20060303-partial

1 files changed, 141 insertions, 0 deletions

diff --git a/man/1/secstore b/man/1/secstore
new file mode 100644
index 00000000..bab02a1e
--- /dev/null
+++ b/man/1/secstore
@@ -0,0 +1,141 @@
+.TH SECSTORE 1
+.SH NAME
+secstore \- retrieve files from secure store
+.SH SYNOPSIS
+.B auth/secstore
+[
+.B -iv
+] [
+.BI -k " key"
+] [
+.BI -p " pin"
+] [
+.BI -s " address"
+] [
+.BI -u " user"
+] [
+.I op
+[
+.I file
+] ... ]
+.SH DESCRIPTION
+.I Secstore
+manages files on the eponymous Plan 9 secure storage service.
+It holds a set of files for each of its users.
+The service is most often used to store a file
+.B factotum
+containing user credentials in a form ready to be loaded into
+.IR factotum (4).
+.I Op
+is one of the following operations:
+.TP
+.B d
+Delete the given files on the server.
+.TP
+.B p
+Print the contents of each file on standard output.
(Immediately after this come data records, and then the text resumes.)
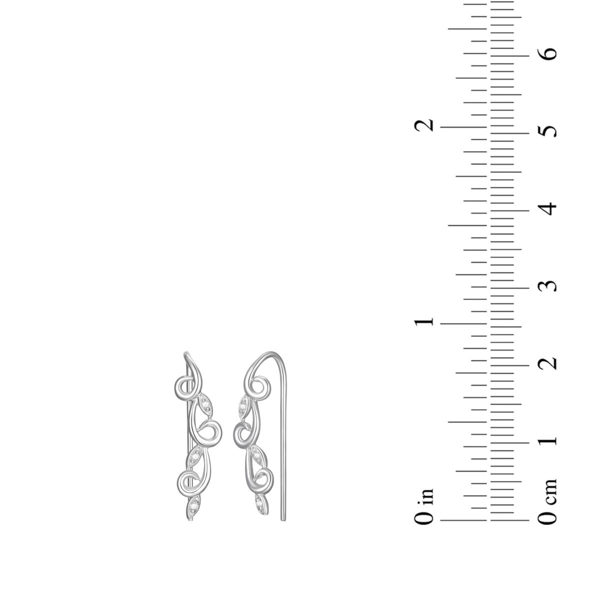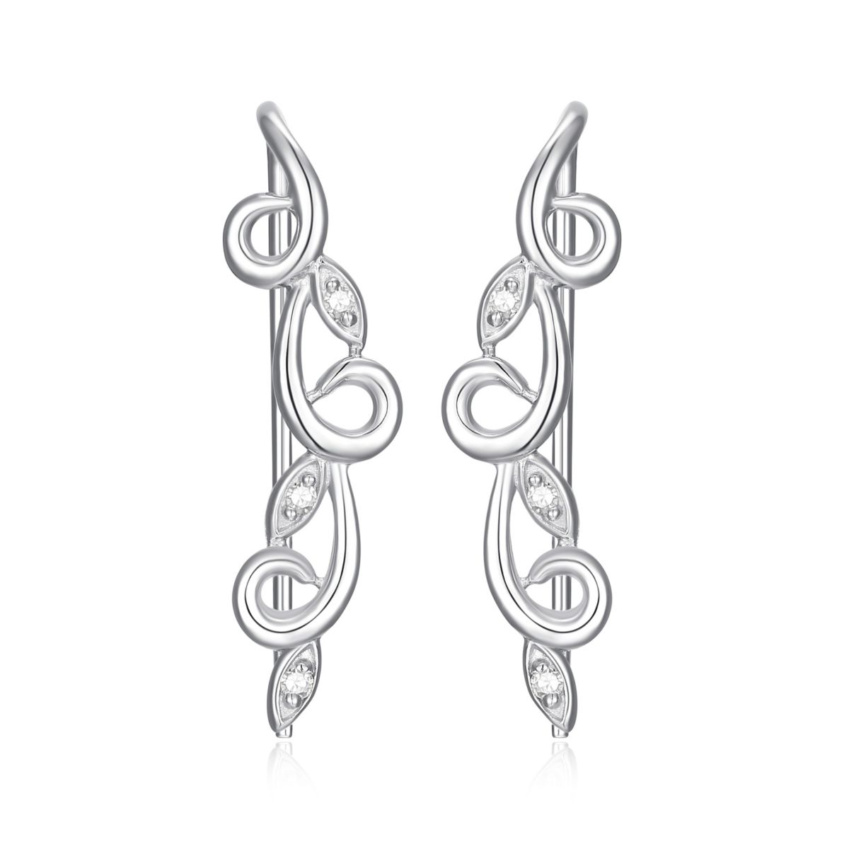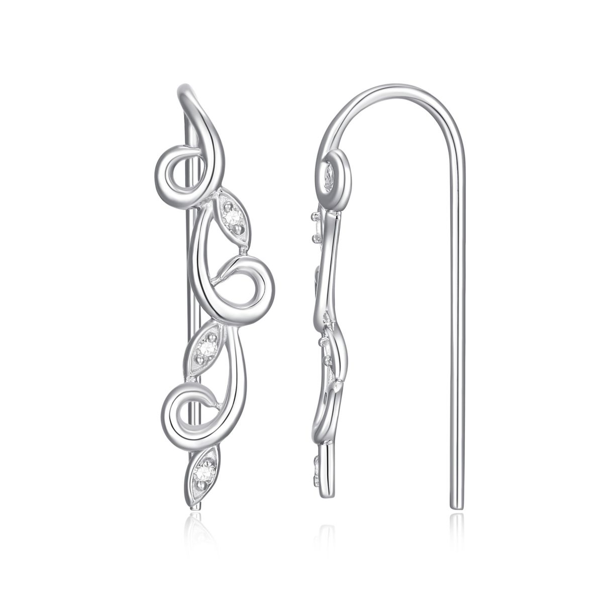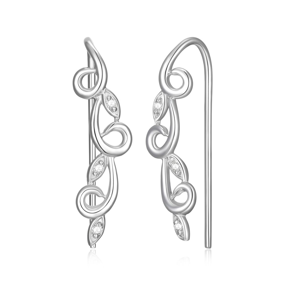 Diamond Accent Vine Swirl Crawler Earrings in Rhodium Plated Sterling Silver
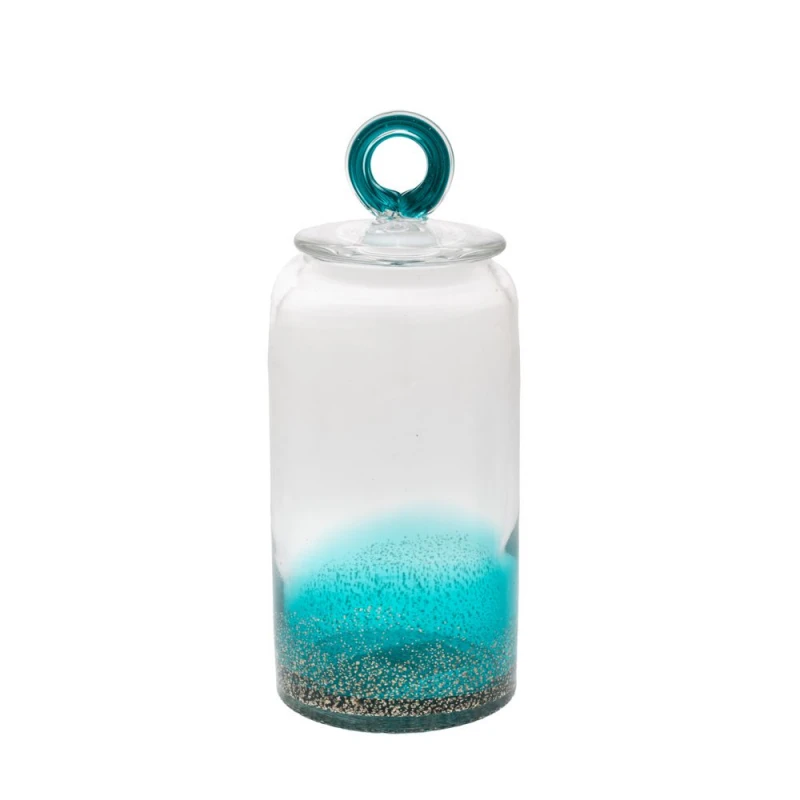 Διακοσμητικό βάζο γυάλινο σε διάφανο-τυρκουάζ χρώμα με καπάκι από την iliadis - Διαστάσεις: Φ12x28,5εκ.
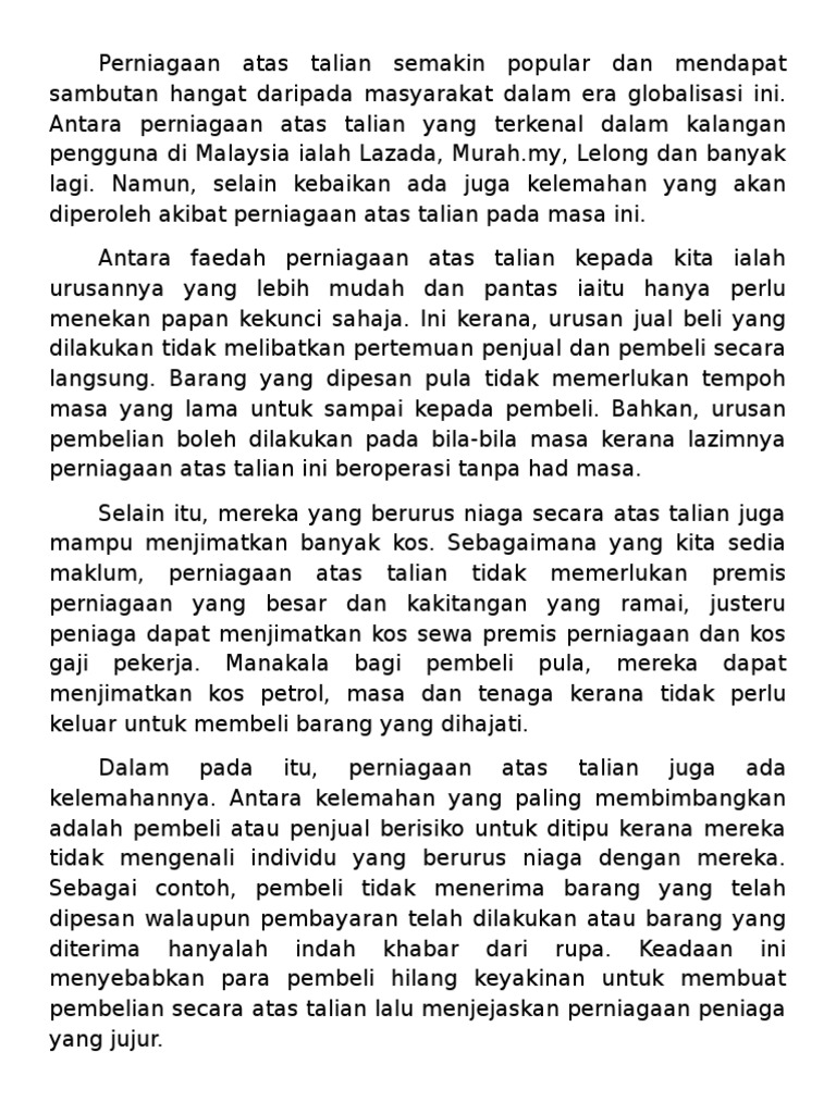 Semoga adik annisa nurul hidayah dapat terpilih dalam lomba matematika. Islam sebagai agama yang sempurna mengatur hal ini. Perniagaan dalam talian turut memberikan peluang kepada peniaga dalam talian beroperasi selama 24 jam setiap hari. Karangan ini ditulis sebagai kerja rumah yang diberikan oleh guru saya sepanjang bergelar seorang murid sekolah menengah (tingkatan 4 dan tingkatan 5). Tambahan lagi, masyarakat kini terlalu.

+Each line is written separately, so that files of keys will be received correctly when written to
+.IR factotum (4).
+.TP
+.B r
+Replace the contents of files on the server by the contents of the named files,
+after encrypting them.
+In each case, the file name on the server is the last component of the local file name
+(ie, everything after the final
+.RB ` / ').
+.TP
+.B t
+List a table of contents of
+.IR user 's
+collection on the the server.
+By default, only the names are listed, one per line, but
+given the
+.B -v
+option, each line displays name, file size in bytes, date last stored, and SHA-1 hash of the file's contents.
+.TP
+.B x
+Extract the named files into files of the same name in the current directory.
+By default, they are decrypted (ie, in clear text).
+.PP
+If no
+.I op
+is specified,
+.I secstore
+connects to the server (thus checking the connection and the validity
+of both
+.I key
+and
+.IR user ),
+but does nothing with it.
+.PP
+By default,
+.I secstore
+prompts for a secret key to authenticate the user and the
+.B secstore
+service.
+The service might be configured to demand an extra authentication code, such as a `pin', in which case
+.I secstore
+will then prompt for that as well.
+The options are:
+.TP
+.B -i
+Read one or two lines from the standard input:
+the first line contains the secret; the optional second line contains the extra authentication code.
+.TP
+.BI -k " key"
+Use
+.I key
+as the secret to authenticate with the
+.B secstore
+service.
+.TP
+.BI -p " pin"
+Supply
+.I pin
+as the extra authentication code if the server demands it.
+.TP
+.BI -s " address"
+Connect to the server at the given network
+.IR address ,
+as defined by
+.IR sys-dial (2),
+and translated by
+.IR cs (8).
+The default is
+.BR net!$auth!secstore .
+.TP
+.BI -u " user"
+Authenticate as
+.I user
+(default: the Inferno user name contained in
+.BR /dev/user )
+.TP
+.B -v
+Make the output more verbose:
+display the name announced by the remote server; and use the long form of the table of contents.
+.SH EXAMPLE
+Retrieve the
+.B factotum
+file and feed the keys therein to
+.IR factotum (4):
+.IP
+.EX
+auth/secstore p factotum >/mnt/factotum/ctl
+.EE
+.SH SOURCE
+.B /appl/cmd/auth/secstore.b
+.SH SEE ALSO
+.IR crypt (1),
+.IR secstore (2),
+.IR factotum (4),
+.br
+``Plan 9 Security'',
+.IR "Plan 9 Programmer's Manual" ,
+Fourth Edition,
+Volume 2, 2003.
+.SH BUGS
+Perhaps
+.I secstore
+should allow several
+.B -s
+options as a simple way to replicate the same files on different servers.